In July 1999 the Hizbollah spokesperson and Press Attaché Ibrahim Mussawi agreed to meet journalism students from Ohio University to talk to them about Hizbollah’s philosophy and answer their questions. This was an unprecedented move, a gesture of good faith by an otherwise highly security conscious organization. We drove right up to the Hizbollah party office in West Beirut and were served tea by Hizbollah volunteers while we waited for the interview to begin. 

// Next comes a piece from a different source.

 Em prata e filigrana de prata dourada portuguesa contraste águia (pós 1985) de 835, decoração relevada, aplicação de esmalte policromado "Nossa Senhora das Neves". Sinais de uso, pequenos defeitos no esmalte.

At the very outset, the gesture in itself pointed towards Hizbollah’s changing attitudes. Ibrahim Mussawi, unlike Hizbollah office bearers before him, claims that he graduated with a degree in Journalism from Lebanese University in 1989. He returned to enroll in a Masters’ program of graduate study in Communication and International Relations at the American University of Beirut. Earlier Hizbollah leaders would have concentrated mostly on studies in Shia theology. The effort, thus, exists among the Hizbollah cadre themselves to learn more about the world around them. 

The first sign of this ‘changed world cognition’ is the rolling back of the erstwhile Hizbollah agenda to establish an Islamic Lebanese state and destroy Israel. "We know we can not have an Islamic republic in Lebanon," offer Mussawi , "We always knew that. It just is not possible in a country with 18 different sects. But we continue to believe in Islam and the way of Islam." The agenda, then, has shifted within the Hizbollah to uphold the Islamic way of life as an exemplary one, without expecting a total metamorphosis of the state structure itself. 

"We won’t disassociate from our religion ever," asserts Mussawi, "But our political agenda is national reform - both economic and political reform. We want to create a state of equal opportunity and justice for all and do away with the circles of influence."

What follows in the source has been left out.